» **Work instruction**: Print the lines below from the line with "在位于盐城的省农科院沿海现代" to the line with "- Bauarbeiten: Werkleitungen, Anpassung" exactly, keeping both ends, and print no pictures.

» **Given records**:
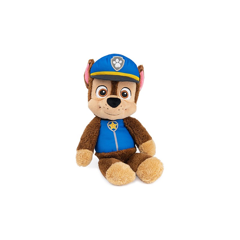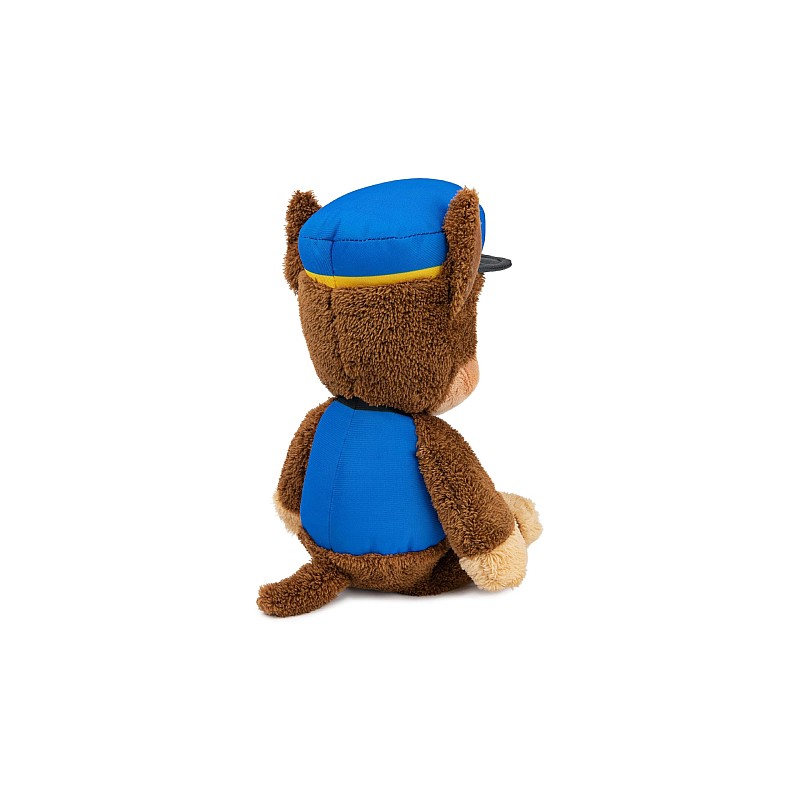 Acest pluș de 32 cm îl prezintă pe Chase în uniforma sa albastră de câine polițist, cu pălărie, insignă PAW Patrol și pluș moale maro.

* * *

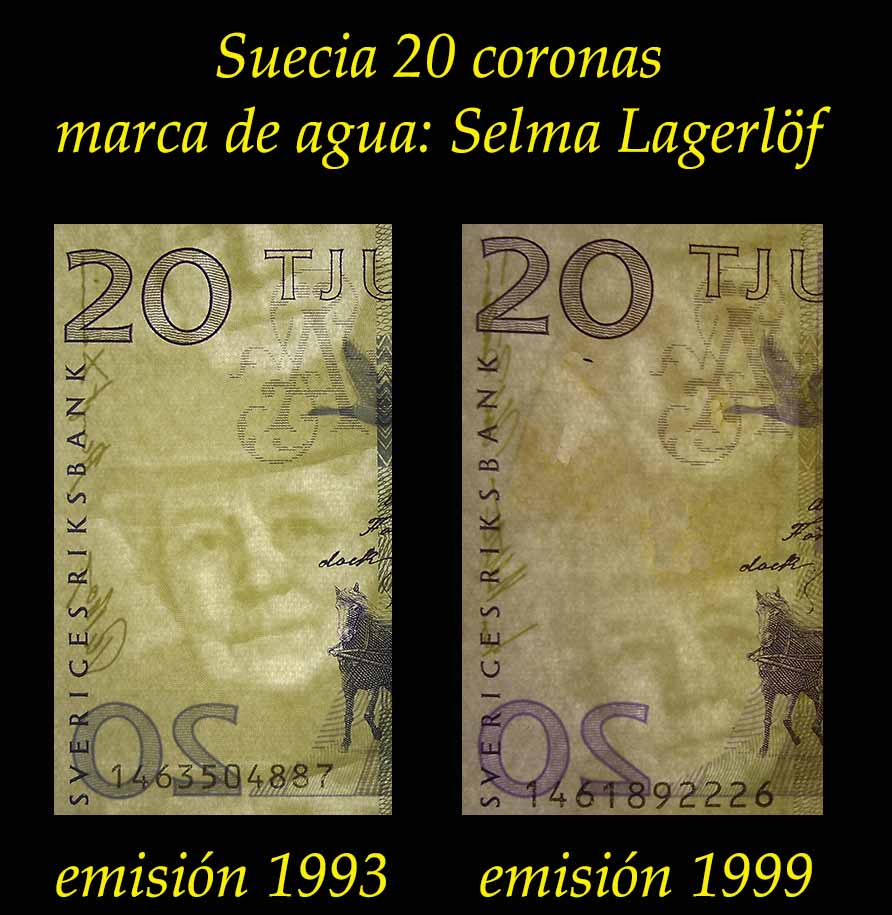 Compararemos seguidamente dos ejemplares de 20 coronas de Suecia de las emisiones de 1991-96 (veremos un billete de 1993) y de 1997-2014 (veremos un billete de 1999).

==

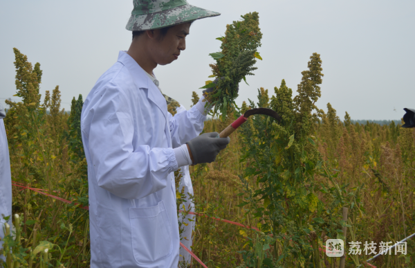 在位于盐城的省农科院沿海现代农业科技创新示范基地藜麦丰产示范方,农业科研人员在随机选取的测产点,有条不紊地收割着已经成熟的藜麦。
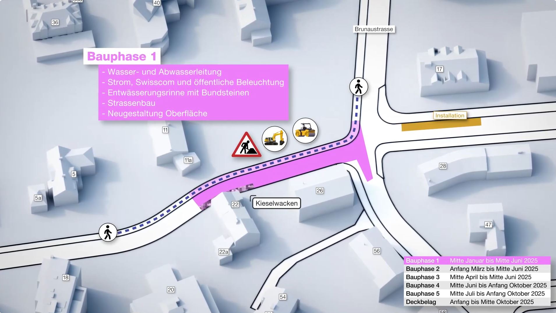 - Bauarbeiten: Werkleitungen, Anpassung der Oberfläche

» **Result of the exercise**:
 在位于盐城的省农科院沿海现代农业科技创新示范基地藜麦丰产示范方,农业科研人员在随机选取的测产点,有条不紊地收割着已经成熟的藜麦。
 - Bauarbeiten: Werkleitungen, Anpassung der Oberfläche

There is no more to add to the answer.